Они встретились глазами. Варя переложила косу с одного плеча на другое, прикрыла воротом открытую шею.

— Как звать вас?

— Ларионом, — ответил он, теребя в левой руке свою лисью шапку. Правую он почему-то все держал в кармане.

— Ну, а меня Варварой Касьяновной… Ждановой пишусь. Будем знакомые…

— Очень приятно, — скромно сказал Ларион.

Варя еще какое-то время глядела на него, думая о том, что этот Ларион, наверное, хочет есть. Иначе зачем бы пошел?.. Правда, он не выглядел доходягой и все же был очень худ, но той суровой худобой, когда трудовому человеку перепадает хлеба ровно столько, сколько нужно, чтобы не потерять себя, не протянуть руки и не взять чужого.

— А чего это у вас с рукой-то? — вдруг спросила Варя.

Ларион показал ей правую. Пальцы на ней были отняты по первый сустав.

— На фронте, значит, побывали?

— Нет, не был я на фронте, — просто сказал Ларион. — Это мне на лесопогрузке бревнышком прижало.

Варя поспешно поставила на стол чашку с горячим. Собиралась совсем немножко отрезать хлеба от своего и дочкиного пайка, но скосила нож и отрезала наискосок через всю ржаную булку. Ларион сказал спасибо и взял ложку левой рукой.
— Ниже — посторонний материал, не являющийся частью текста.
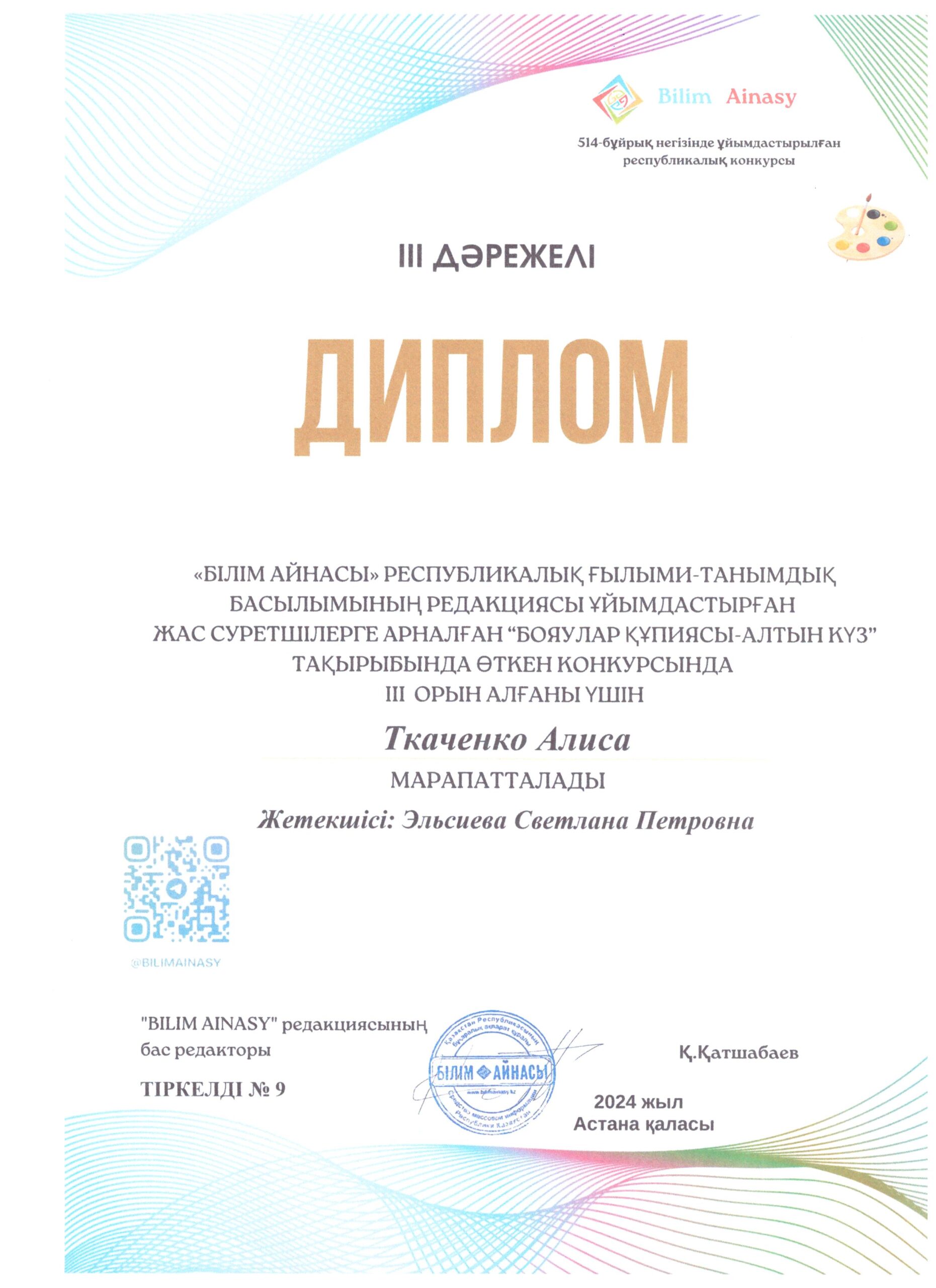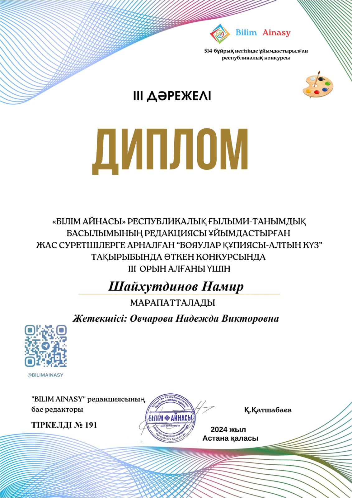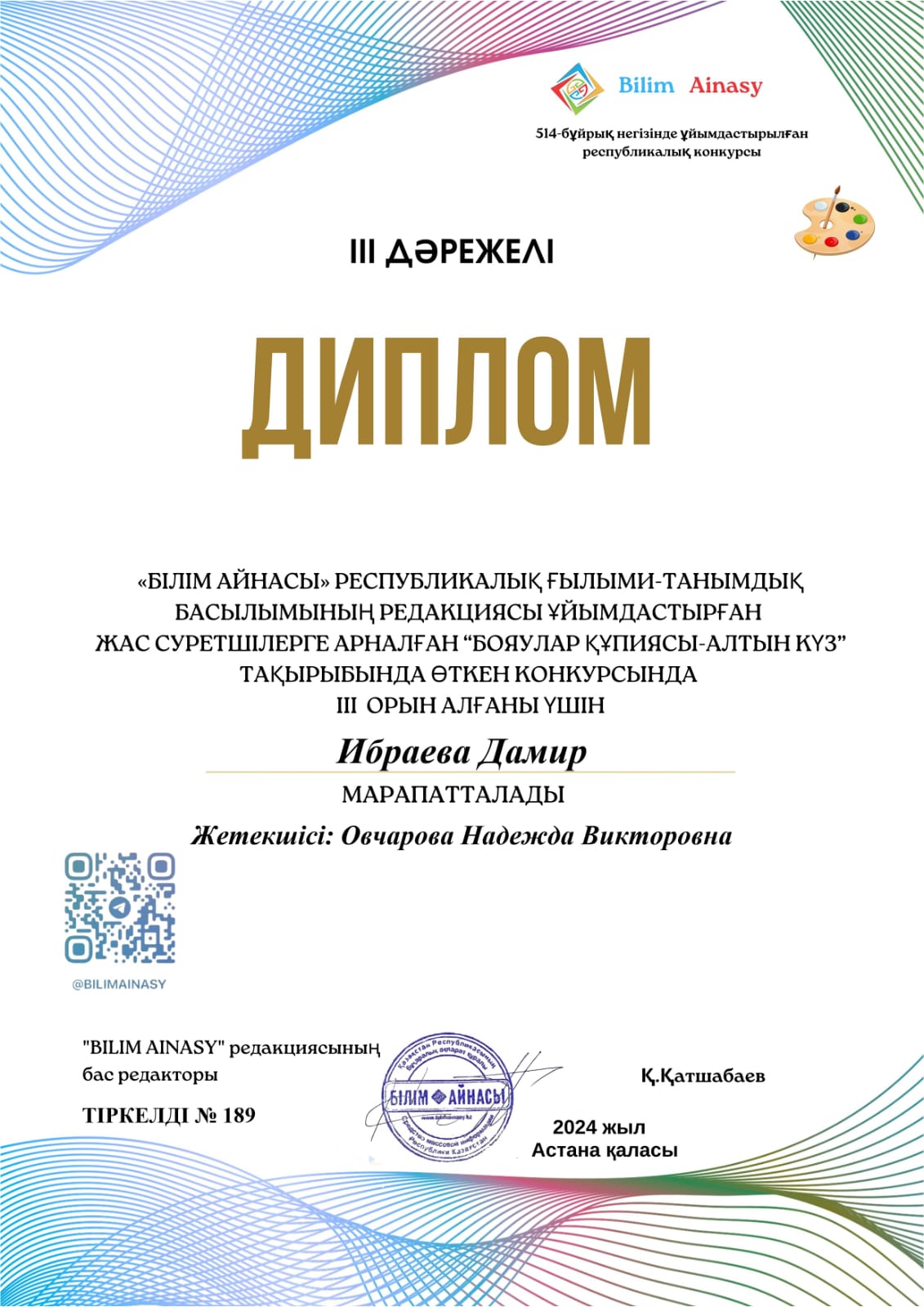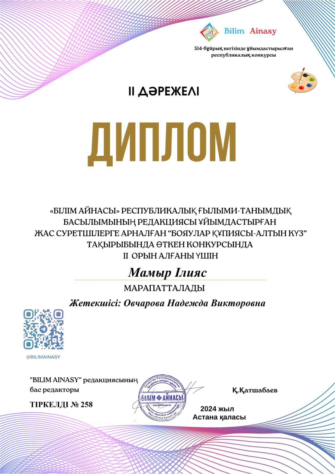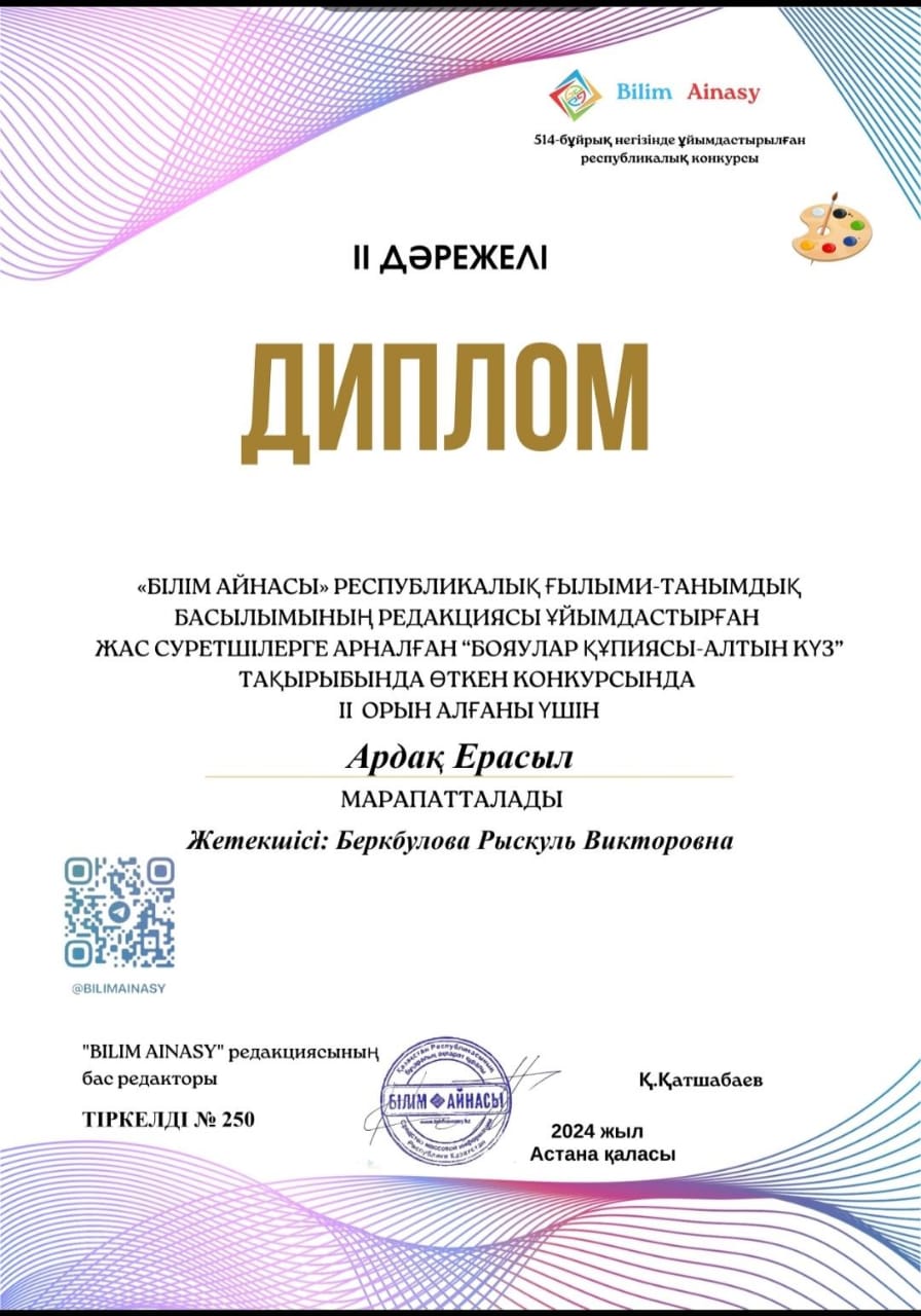 В конкурсе для юных художников «Бояулар құпиясы -Золотая осень» , организованный Республиканским научно-познавательным изданием » Bilim Ainasy», приняли участие наши воспитанники Мамыр І., Ибраев Д., Казачков Г., Шайхутдинов Н., Ардақ Е., Савонин А., Ткаченко А., они награждены дипломами 2 и 3 степени.

В доме уже два года не было мужчины, и Варе странно было видеть, как ест теперь этот человек, придвинув близко к себе чашку; как западают его худые щеки в чуть заметной светлой щетине, когда он, обжигаясь, тянет в себя суп; как двигаются резкие скулы, когда он откусывает хлеб. Нет, женщины как-то совсем по-другому едят…

— Молока хочете? — почему-то волнуясь, спросила Варя. — Только у меня козье… Некоторые гребуют.

— А вы малыша своего не обделите? — Ларион поглядел на маленькую Морьку. И Варе показалось, будто он давно-давно не видел детей.

— Это девочка у меня, — сказала она. — Ничего, кушайте…

…Через полчаса они уже шли к лесу. Солнце цвета начищенной латуни ползло им навстречу, голубая тень ложилась под ноги. Дорога скрипела каким-то праздничным, бодрым скрипом. Мороз вызванивал попутную песню и раскрашивал щеки. Особенно — Варины. Она шла впереди и изредка оглядывалась на Лариона. У того на бровях и около рта светился иней. Когда Варя оборачивалась, он кивал ей: иди, мол, я тут.

Кончилось холодное большое поле. Запрыгали остролапчатые зеленые елки.

— Если к лету войну не кончат, то и эти порубят, — сказала Варя. — А что с их толку? Постреляют только в печи.

Елки рассыпались, пошли тонкие, убогие в своей рябой наготе березки. И кругом — черные, подпаленные кострами пни под белыми шапками.

— Тут у нас роща хороша была! Я девкой гуляла…

Из-под ног порскнули снегири, сели на голых макушках, закачались, будто кивали.

— Вот они, мои дровишки. Пособить вам веревку распутать?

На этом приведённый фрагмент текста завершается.